═══ Task inputs ═══

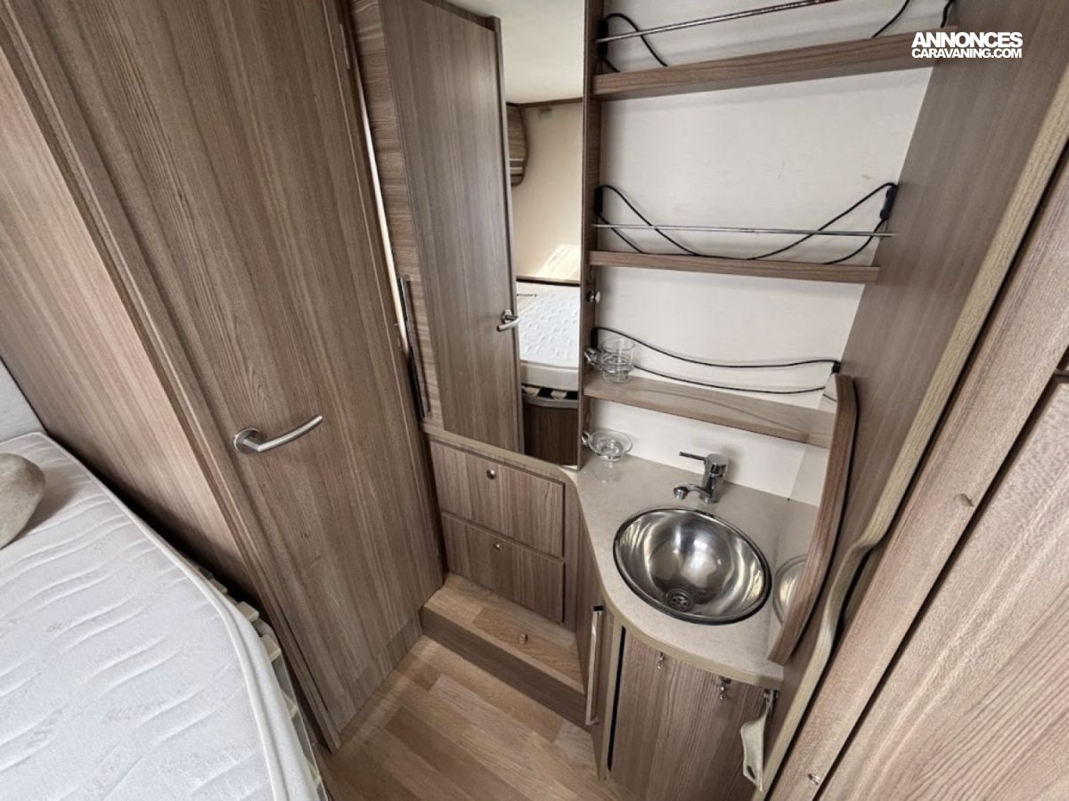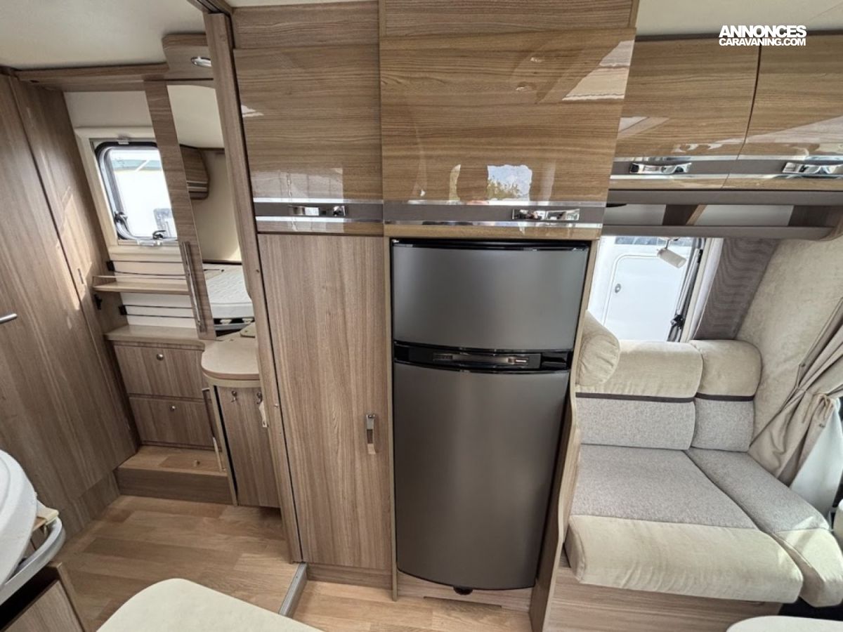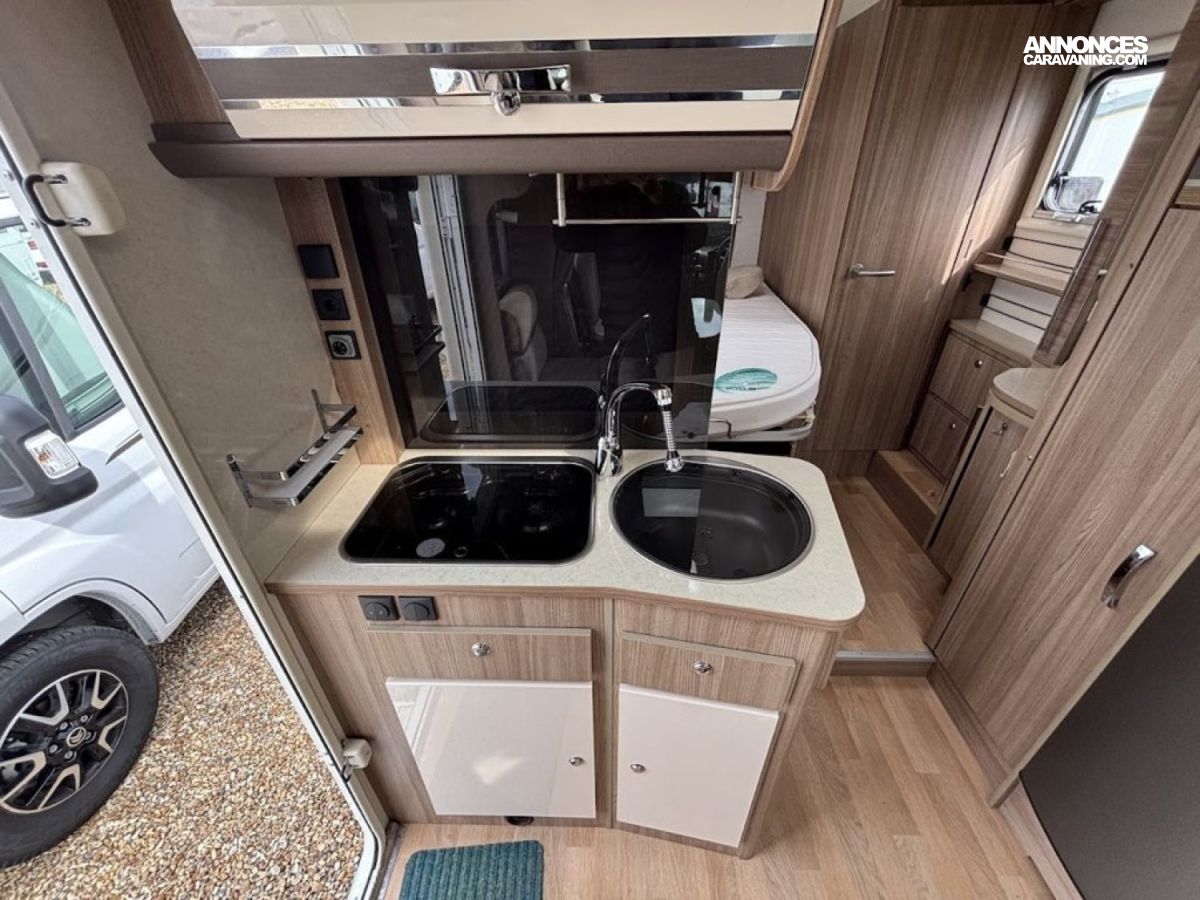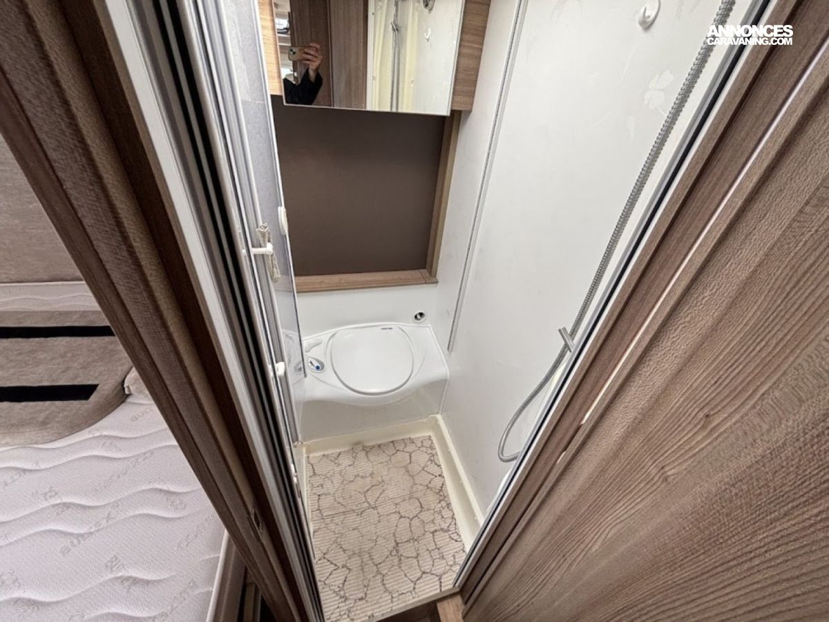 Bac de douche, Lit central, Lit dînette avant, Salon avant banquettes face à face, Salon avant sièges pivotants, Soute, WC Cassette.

═══
═══ Task inputs ═══

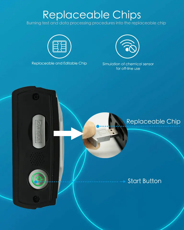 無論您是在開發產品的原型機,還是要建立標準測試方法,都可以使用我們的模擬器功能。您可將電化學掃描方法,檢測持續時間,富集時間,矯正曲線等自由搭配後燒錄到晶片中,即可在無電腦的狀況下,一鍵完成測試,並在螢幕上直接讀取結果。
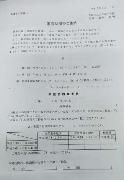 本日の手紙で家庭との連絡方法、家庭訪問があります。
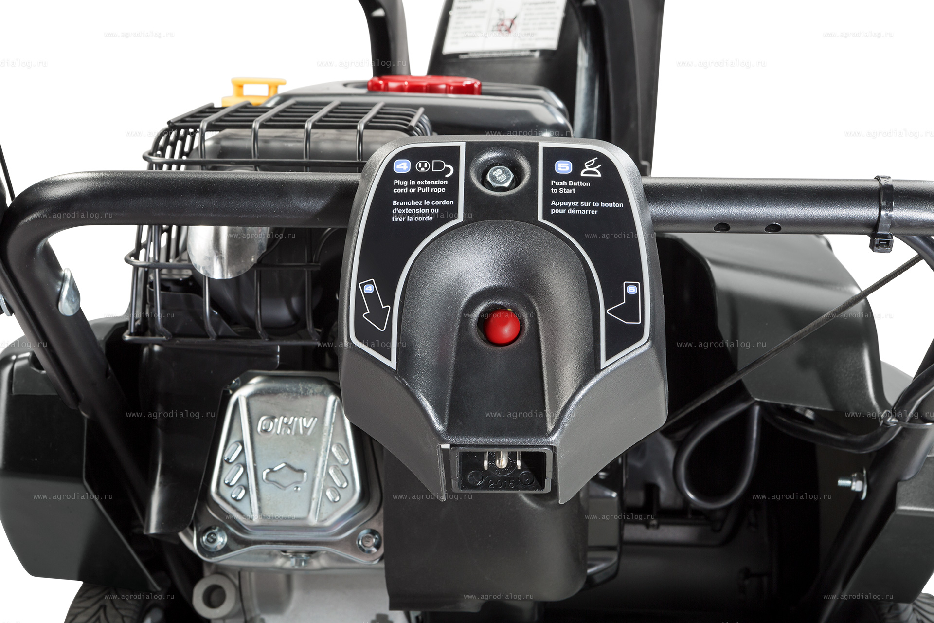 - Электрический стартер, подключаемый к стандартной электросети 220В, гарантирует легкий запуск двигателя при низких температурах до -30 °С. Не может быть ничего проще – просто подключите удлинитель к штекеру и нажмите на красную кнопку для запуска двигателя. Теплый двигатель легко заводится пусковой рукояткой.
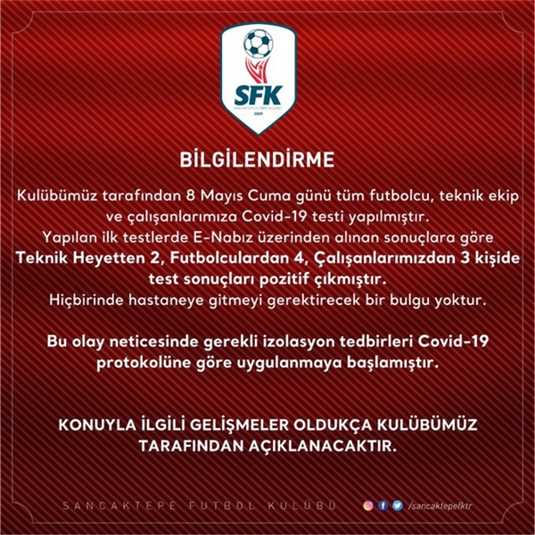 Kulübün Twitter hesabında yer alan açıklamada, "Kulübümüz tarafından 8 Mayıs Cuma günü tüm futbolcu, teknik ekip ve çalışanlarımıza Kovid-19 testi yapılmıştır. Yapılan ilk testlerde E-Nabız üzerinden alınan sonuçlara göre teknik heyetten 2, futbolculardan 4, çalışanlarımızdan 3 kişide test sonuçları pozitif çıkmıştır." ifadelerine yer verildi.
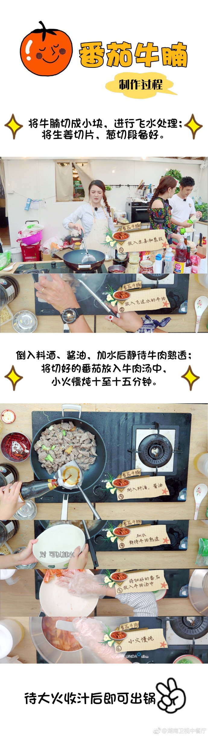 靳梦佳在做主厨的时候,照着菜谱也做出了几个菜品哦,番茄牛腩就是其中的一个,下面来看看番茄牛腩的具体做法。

═══

Transcribe, word for word, the lines of the listing above from the one that contains "Kulübün Twitter hesabında" through the one that contains "靳梦佳在做主厨的时候,照着菜", keeping both ends and dropping the pictures.

> _Task solution_
 Kulübün Twitter hesabında yer alan açıklamada, "Kulübümüz tarafından 8 Mayıs Cuma günü tüm futbolcu, teknik ekip ve çalışanlarımıza Kovid-19 testi yapılmıştır. Yapılan ilk testlerde E-Nabız üzerinden alınan sonuçlara göre teknik heyetten 2, futbolculardan 4, çalışanlarımızdan 3 kişide test sonuçları pozitif çıkmıştır." ifadelerine yer verildi.
 靳梦佳在做主厨的时候,照着菜谱也做出了几个菜品哦,番茄牛腩就是其中的一个,下面来看看番茄牛腩的具体做法。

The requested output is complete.